Por fim, a dissuasão fundamenta-se na busca de convencer as pessoas de
modo geral, bem como o próprio criminoso, de que a prática delitiva é uma conduta
desvantajosa e inadequada em razão de que a pena se insere como atividade
destinada a impedir o culpado de tornar-se nocivo à sociedade, assim como
instrumento para afastar os demais indivíduos de práticas ilícitas perante o Direito
Penal (MASSON, 2020).
Com efeito, após a breve introdução sobre a temática, o presente capítulo
pretende apresentar as suas teorias, bem como os tipos de penas existentes no
ordenamento brasileiro.
14
2.1 TEORIAS DA PENA
O Direito Penal tem por desígnio a tutela dos bens mais importantes e
essenciais ao ser humano e a vida em sociedade. Conceitua-se o Direito Penal como
o “setor ou parcela do ordenamento jurídico público que estabelece as ações ou
omissões delitivas, cominando-lhes determinadas consequências jurídicas — penas
ou medidas de segurança — conceito formal” (PRADO, 2019a, p. 65).

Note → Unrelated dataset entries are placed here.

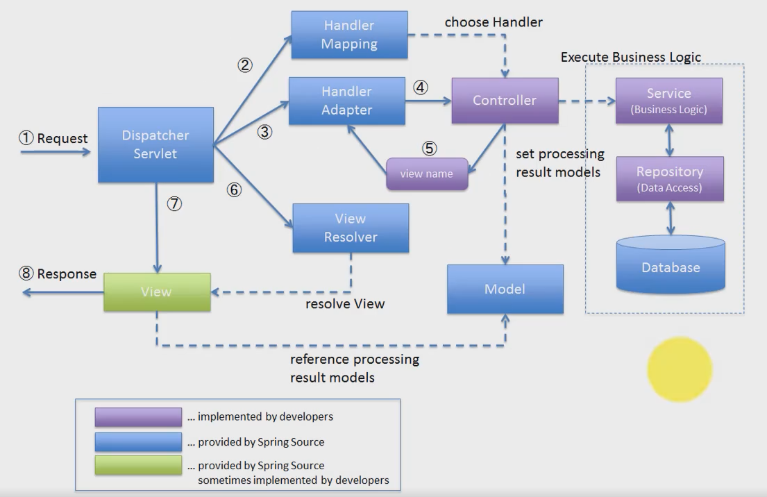 - DispatcherServlet 이 어떤 순서로 동작하는지 이해한다. - DispathcerSerlet 에서 사용되는 컴포넌트(객체)들이 어떤 것들이 있는지 이해한다.
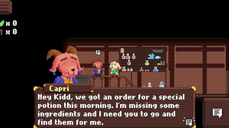 探索并收集药水成分,开启冒险之旅!扮演在药水店工作的小山羊基德。你的任务是为药水店收集一些稀有的药水原料。探索三个独特的关卡,寻找原料。
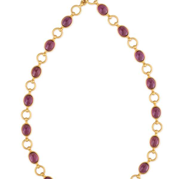 This is a delicate gold 21k necklace featuring oval-shaped rhodolite gemstones. The necklace is composed of evenly spaced, bezel-set deep pinkish-purple 17 pcs rhodolites linked together with gold settings. Each gemstone is oval-cut and connected by small round gold links, creating a continuous, elegant chain. The piece closes with a gold toggle clasp, adding both function and style. Yellow gold 21k, 43.72g Rhodolites 46.55 ct
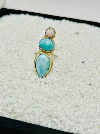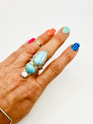 Sterling Silver Ring | Conch, Turquoise & Larimar Gemstones | Size 7.5 | Bohemian Coastal Jewelry
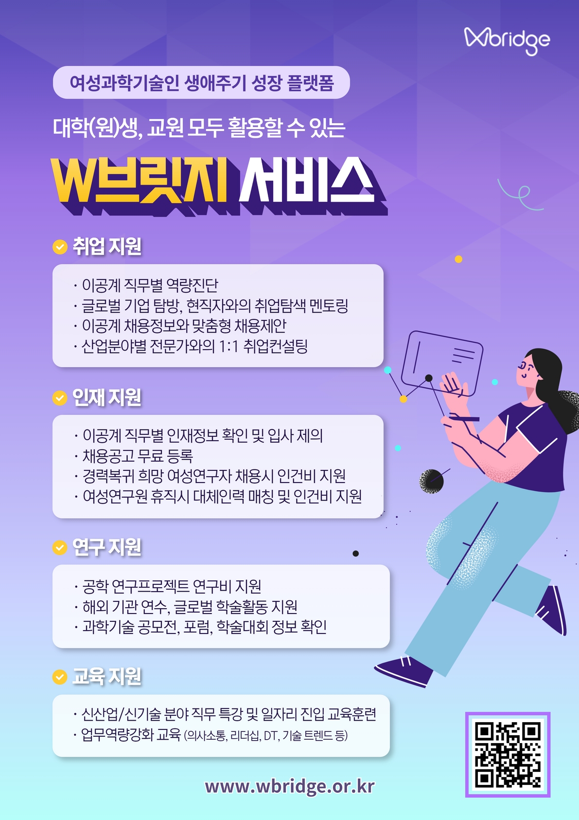 | 제목 | 여성과학기술인 생애주기 플랫폼 W브릿지 대학(교원, 학생) 서비스 안내 | ||||
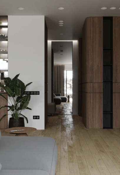 Клиенты — супруги с сыном-школьником, мечтали видеть свою квартиру простой, но элегантной. Они хотели получить дом с минимумом декора, где акцент поставлен на качественных материалах отделки, тактильных характеристиках и ощущении простора.
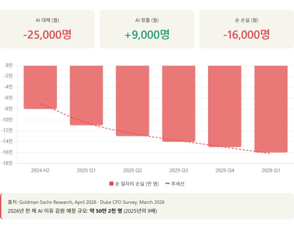 - Goldman Sachs(2026.4): AI가 미국에서 매달 순 1만 6천 개 일자리를 지우는 중
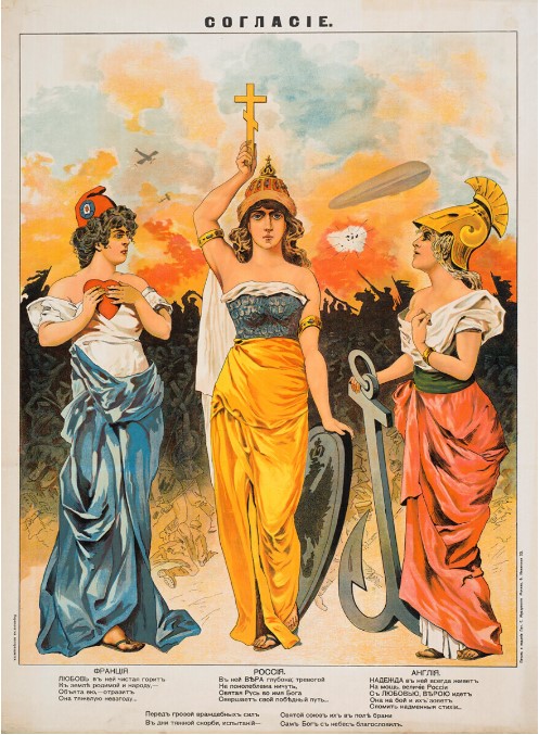На плакатите от Първата световна война Русия, Англия и Франция са изобразени като три свети сестри-мъченици: Вяра, Надежда и Любов. Това подчертава справедливия характер на войната от страна на Антантата: „Света Рус, в името на Бога, извършва своя победен път“.

Este âmbito do Direito, também busca compreender o comportamento dos
agentes e de suas condutas reprováveis ou danosas em face do ordenamento jurídico
que são, dependendo do contexto fático, penalizados pelo Estado, este detentor do
jus puniendi (BITENCOURT, 2020).
Destaca-se ainda, no tocante à classificação da pena:
Pena é espécie de sanção penal, isto é, resposta estatal ao infrator da norma incriminadora (crime ou contravenção), consistente na privação ou restrição de determinados bens jurídicos do agente. Sua imposição depende do devido processo legal, através do qual se constata a autoria e materialidade de um comportamento típico, antijurídico e culpável não atingido por causa extintiva de punibilidade (CUNHA, 2016, p. 395).
Com o passar do tempo, o Direito Penal passou por significativas evoluções,
em especial quanto ao objetivo das penalidades aplicadas aos infratores, sendo
essencial a análise das posições desenvolvidas pelas doutrinas penais e filosóficas-
jurídicas, em relação à finalidade das penas que originaram diversas visões teóricas,
das quais três teorias clássicas merecem destaque.

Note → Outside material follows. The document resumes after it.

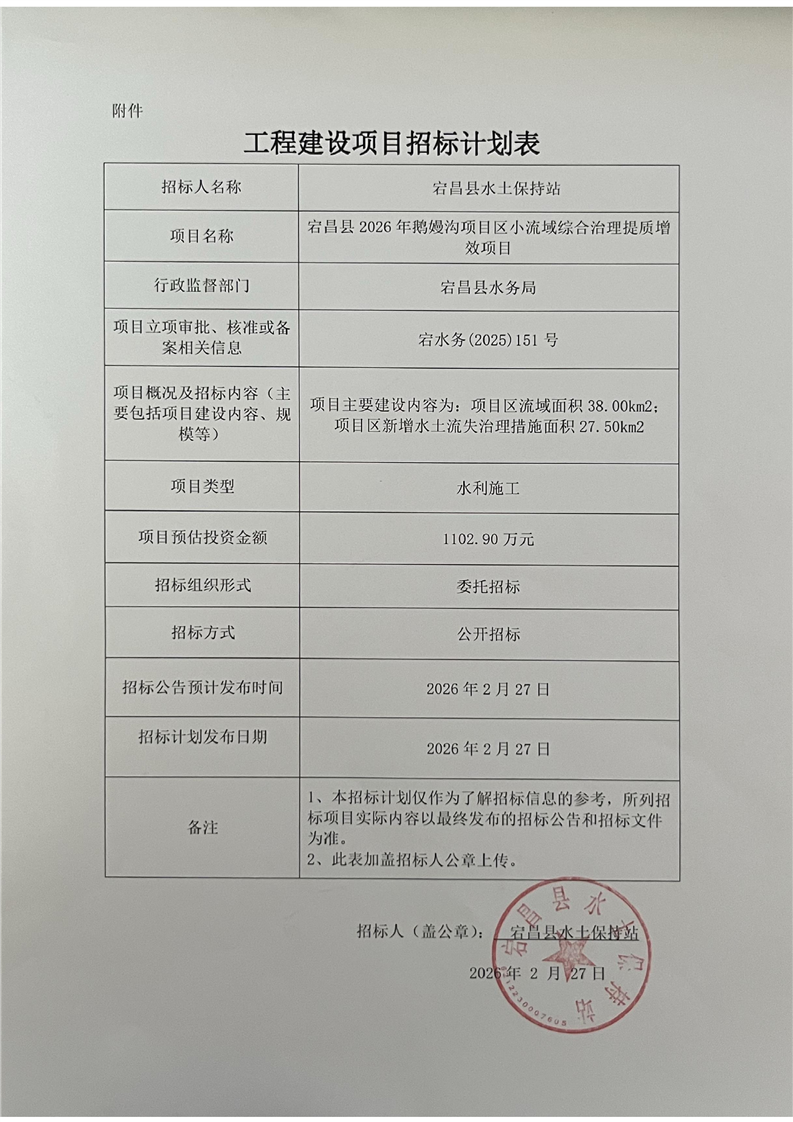 宕昌縣2026年鵝嫚溝項目區(qū)小流域綜合治理提質增效項目

A primeira teoria também chamada de Absolutista ou Teoria Retributiva da
Pena, se caracteriza pelo entendimento de que a imposição da pena é uma forma de
retribuição ao ato ilícito praticado.
Nesse seguimento, tira-se a lição de que:
a teoria da retribuição não encontra o sentido da pena na perspectiva de algum fim socialmente útil, senão em que mediante a imposição de um mal merecidamente se retribui, equilibra e expia a culpabilidade do autor pelo fato cometido. Se fala aqui de uma teoria ‘absoluta’ porque para ela o fim da pena é independente, ‘desvinculado’ de seu efeito social. A concepção da pena como retribuição compensatória realmente já é conhecida desde a antiguidade e permanece viva na consciência dos profanos como uma certa naturalidade: a pena deve ser justa e isso pressupõe que se corresponda em sua duração e intensidade com a gravidade do delito, que o compense (ROXIN, 1997, p. 81-82 apud GRECO, 2017, p. 75).

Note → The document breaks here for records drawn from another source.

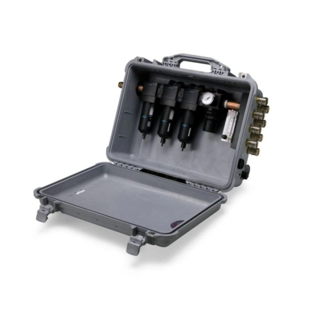 Our Carry-Air™ Filtration Panels convert shop air used for pneumatic tools and equipment to clean breathable air. They provide from 1 to 8 airline respirators a portable source of up to 15, 30, 60 or 100 CFM of breathable air from 5-125 psig. The 3-stage filtration system purifies compressed air removing water, oil and particulate contaminants. An optional carbon monoxide monitor, which can be operated in AC or DC mode, activates an audible alarm when the concentration of CO exceeds 10 ppm (set for 5 ppm in Canada). The pressure regulator includes a pressure gauge and adjustment knob with locking ring. A pressure relief valve protects the CO monitor and respirators in the event of regulator failure. The Carry-Air™ AC/DC-powered unit is housed in a rugged Pelican case for portability and protection. It includes a support stand for stability and up-right operation. An AC/DC powered Wall-Mount unit is also available. Available with and without CO monitors. All models meet NIOSH requirements for point-of-attachment. Single outlet and single inlet, 100 CFM Panel ideal for filtering air anywhere within the air line systems.
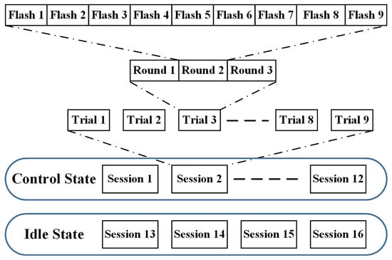 As shown in Figure 7, the data collection consisted of two phases: the first phase for control states (target and nontarget samples) and the second phase for idle states. After twelve sessions were completed for control command data collection, four sessions were conducted for idle state data collection. Each session included nine trials, and every trial included three rounds. In the first phase, the subjects concentrated their visual attention on the user interface and counted the flashing number of the predefined target letter immediately every time it flashed during the trials until the session was concluded. In the second phase, subjects were asked not to attend to any characters in every session while the user interface worked all the time. A few minutes were permitted for the subjects to rest between two consecutive sessions for each phase.
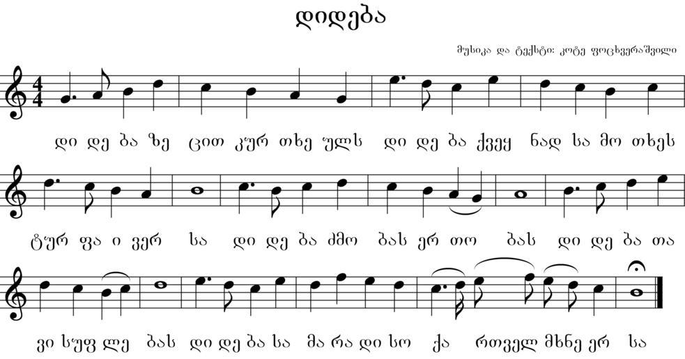 Keywords: Dideba.gif ka საქართველ ს სახელმწიფ ჰიმ ი 1918 1921 და 1991 2004 წლებში ავტ რი კ ტე ფ ცხვერაშვილი 1889-1959 en National anthem of Georgia from 1918 to 1920 and from 14 November 1990 to 23 April 2004 composed by Kote Potskhverashvili 1889-1959 Own Rastrelli F 09 13 25 November 2008 UTC Dideba |
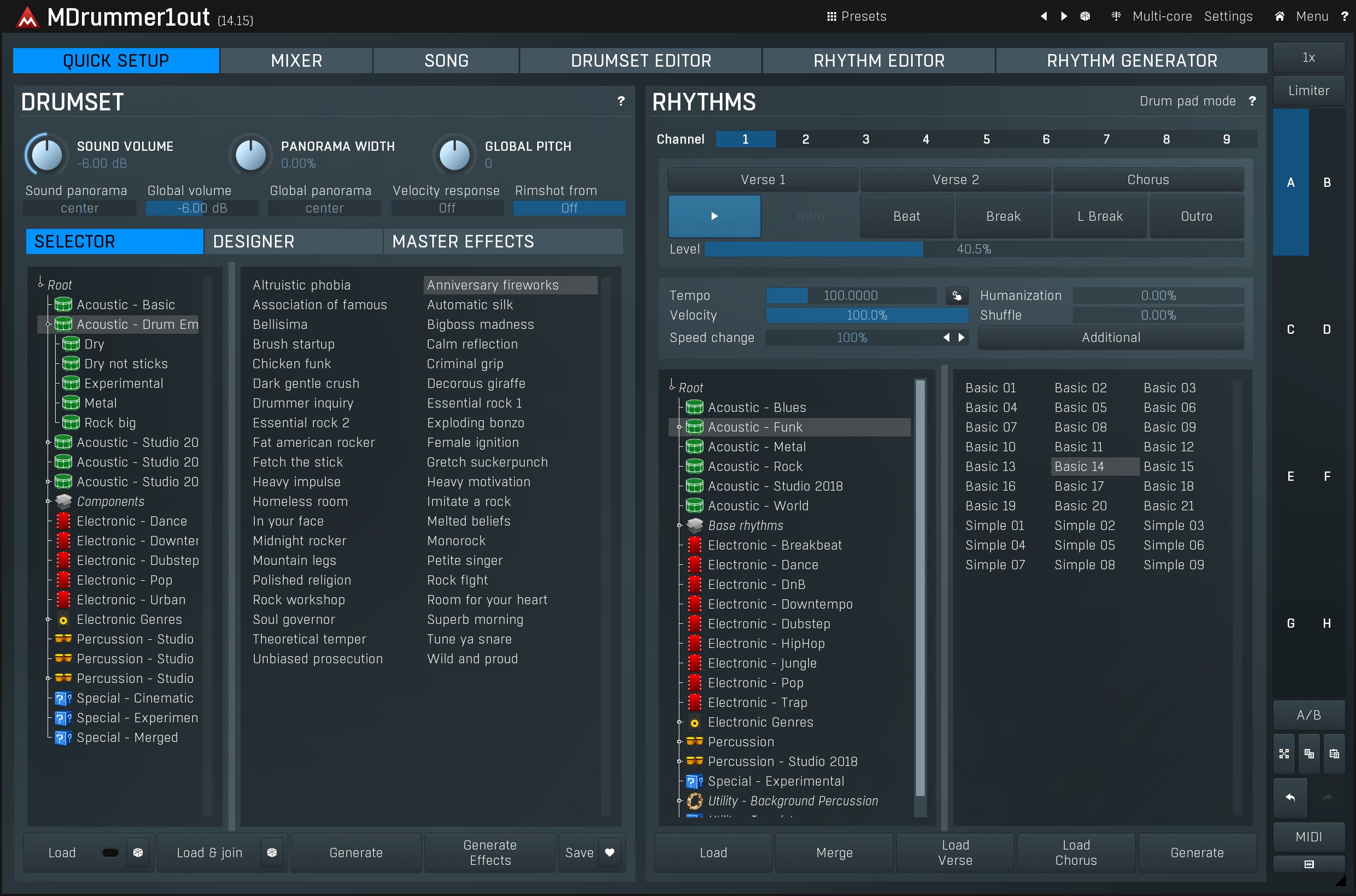 MeldaProduction MCompleteBundle is the ultimate collection of effects and instruments, and it currently contains 114 of them, including MDrummer, MSoundFactory, MPowerSynth, dynamics processors, equalizers, modulation effects including chorus and phasers, reverbs, stereo tools and analyzers.

Assim, na Teoria da Retribuição, ao compensar a culpa do autor do delito com
a aplicação de uma sanção, verifica-se que o ponto principal é somente a aplicação
15
da pena, sem que haja qualquer prevenção, deixando também de atentar-se aos
pressupostos de punibilidade exigidos pelo direito penal (ZAFFARONI, 2011).
Dessa forma, tal teoria é totalmente inadmissível em nosso ordenamento
jurídico.
Já a Teoria Relativa ou Teoria Preventiva, se caracteriza por ser oposta à
primeira teoria, pois busca além da penalização, a prevenção social, isto é, a
ressocialização do agente criminoso (CUNHA, 2016). Esta teoria se subdivide em
teoria da prevenção geral e da prevenção especial, que se subdividem em positivo e
negativo.
À vista disso, é elucidado sobre as teorias:
As teorias relativas desenvolveram-se em oposições às teorias absolutas, concebendo a pena como um meio para obtenção de ulteriores objetivos. Essas teorias são as que se subdividem em teorias relativas da prevenção geral e da prevenção especial, cujos conceitos já examinamos: na prevenção geral a pena surte efeito sobre os membros da comunidade jurídica que não delinquiram, enquanto na prevenção especial age sobre o apenado. (ZAFFARONI, 2011, p. 112).
A preventiva geral negativa defende a perspectiva que o Estado pune o autor
de um crime para dar exemplo aos demais indivíduos, que teoricamente, por temerem
ser igualmente punidos, não praticarão delitos (PASCHOAL, 2015). Ou seja, o poder
intimidativo Estatal que representada a toda sociedade, como forma de prevenir
futuros crimes.
A preventiva geral positiva, por sua vez, compreende-se que a pena não é
aplicada para retribuir um mal praticado ou para afastar de potenciais criminosos a
ideia de cometer delitos, mas, sim, seria aplicada para demonstrar aos cidadãos em
geral que compensa cumprir as normas e respeitar os valores eleitos como caros por
uma sociedade (PASCHOAL, 2015). Tem como traço principal o aproveitamento da
função comunicativa da sanção penal, ou seja, a imposição de penalidade é um
instrumento de comunicação do Estado com os cidadãos, que demonstra e reafirma
a existência e eficiência do direito penal (JUNQUEIRA; VANZOLINI, 2020).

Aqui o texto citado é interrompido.